Task prompt
Nothing but the text of the listing, repeated exactly, belongs in the answer; leave the images out.

Information provided
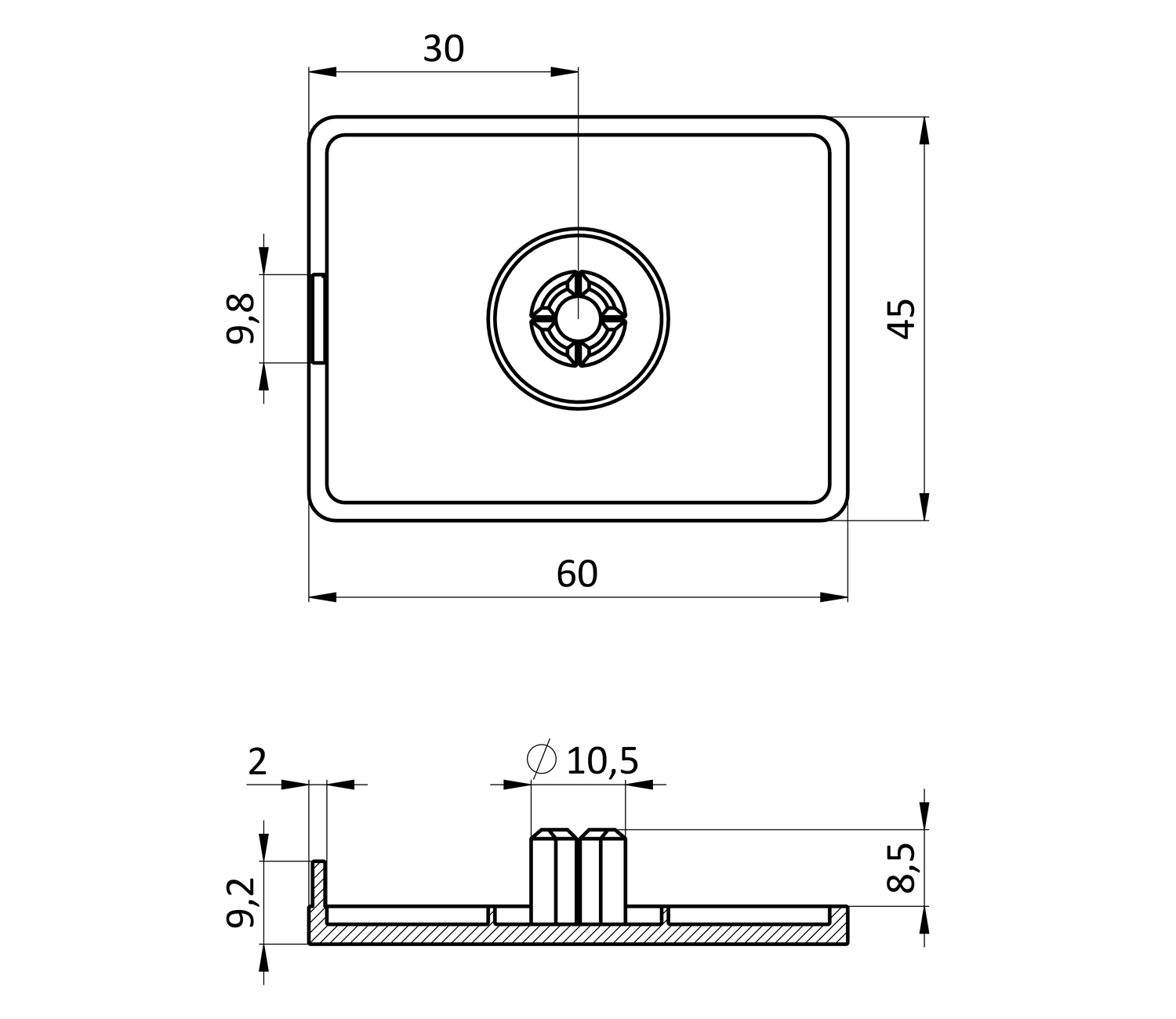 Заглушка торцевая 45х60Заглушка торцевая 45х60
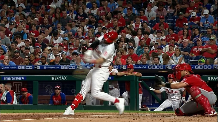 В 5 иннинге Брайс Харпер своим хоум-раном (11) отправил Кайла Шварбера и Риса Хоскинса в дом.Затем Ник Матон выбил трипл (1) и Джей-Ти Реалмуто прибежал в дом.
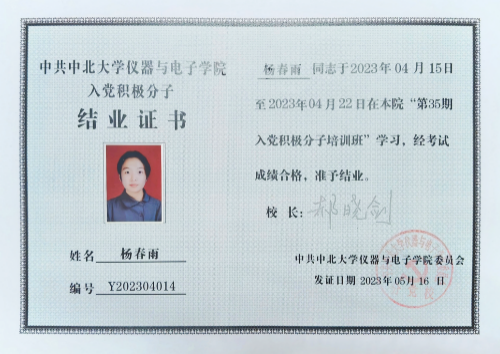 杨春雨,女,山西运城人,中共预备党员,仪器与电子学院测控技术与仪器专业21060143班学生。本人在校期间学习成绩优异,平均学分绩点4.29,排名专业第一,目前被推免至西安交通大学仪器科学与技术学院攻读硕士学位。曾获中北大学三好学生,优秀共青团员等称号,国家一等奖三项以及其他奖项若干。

Response to this exercise
 Заглушка торцевая 45х60Заглушка торцевая 45х60
 В 5 иннинге Брайс Харпер своим хоум-раном (11) отправил Кайла Шварбера и Риса Хоскинса в дом.Затем Ник Матон выбил трипл (1) и Джей-Ти Реалмуто прибежал в дом.
 杨春雨,女,山西运城人,中共预备党员,仪器与电子学院测控技术与仪器专业21060143班学生。本人在校期间学习成绩优异,平均学分绩点4.29,排名专业第一,目前被推免至西安交通大学仪器科学与技术学院攻读硕士学位。曾获中北大学三好学生,优秀共青团员等称号,国家一等奖三项以及其他奖项若干。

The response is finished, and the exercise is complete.